__Material provided__
.....

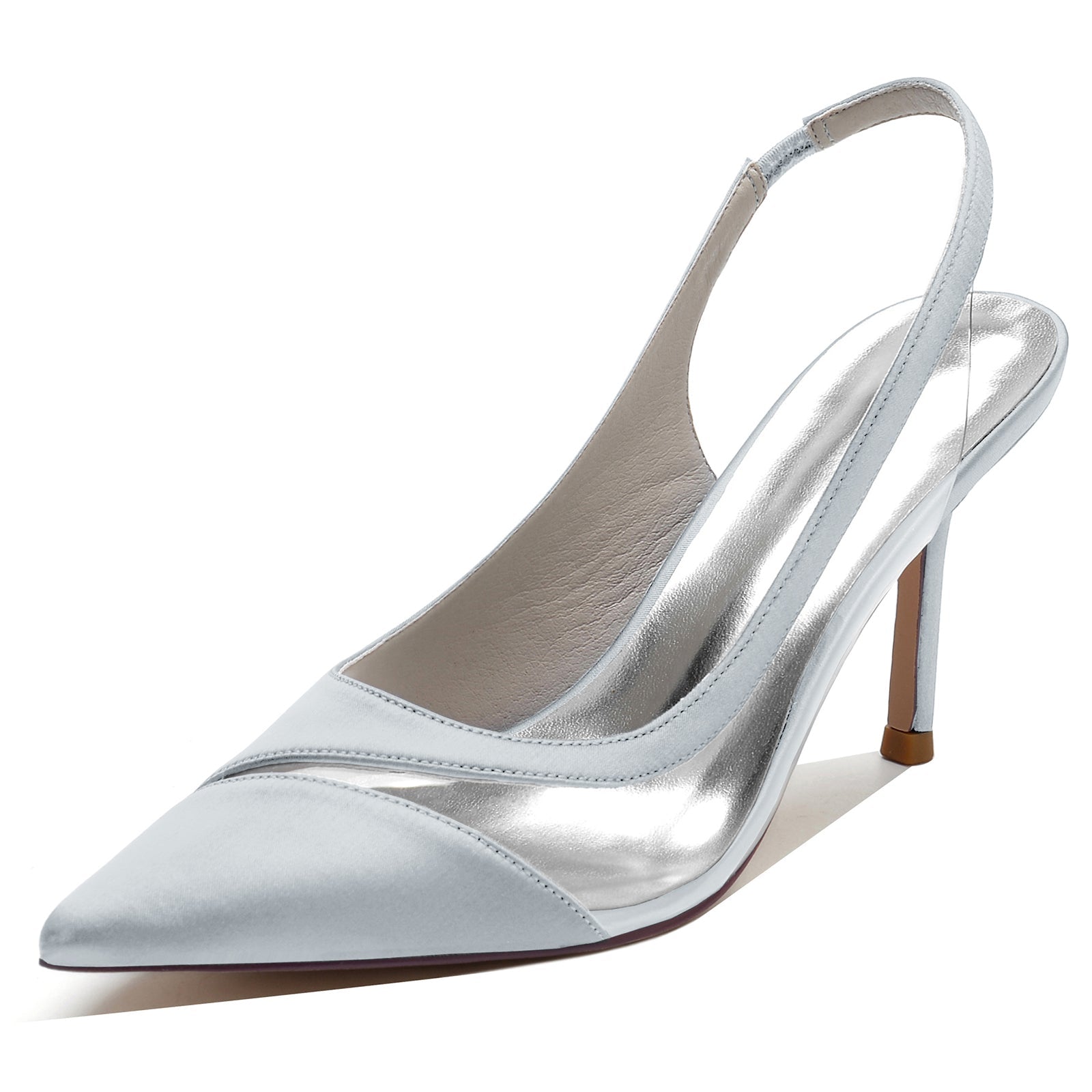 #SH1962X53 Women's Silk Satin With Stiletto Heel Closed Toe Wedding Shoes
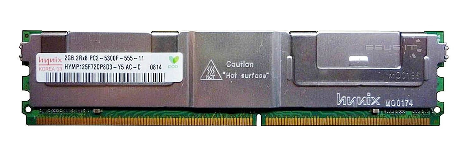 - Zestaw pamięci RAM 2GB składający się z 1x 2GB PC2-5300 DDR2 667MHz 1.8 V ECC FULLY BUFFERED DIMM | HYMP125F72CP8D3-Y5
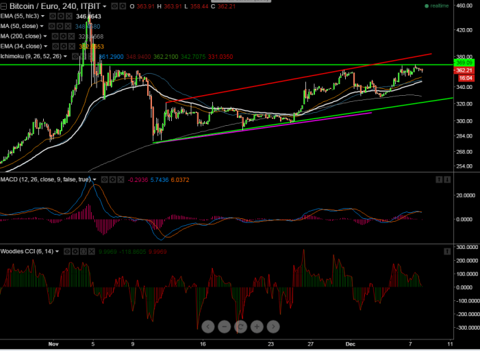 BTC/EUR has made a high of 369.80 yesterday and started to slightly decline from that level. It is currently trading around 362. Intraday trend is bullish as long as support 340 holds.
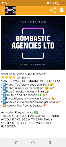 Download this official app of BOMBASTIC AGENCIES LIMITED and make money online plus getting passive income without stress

.....

__Instructions to follow__
Print the whole listing again exactly, please. No pictures.

__Solution for this exercise__
 #SH1962X53 Women's Silk Satin With Stiletto Heel Closed Toe Wedding Shoes
 - Zestaw pamięci RAM 2GB składający się z 1x 2GB PC2-5300 DDR2 667MHz 1.8 V ECC FULLY BUFFERED DIMM | HYMP125F72CP8D3-Y5
 BTC/EUR has made a high of 369.80 yesterday and started to slightly decline from that level. It is currently trading around 362. Intraday trend is bullish as long as support 340 holds.
 Download this official app of BOMBASTIC AGENCIES LIMITED and make money online plus getting passive income without stress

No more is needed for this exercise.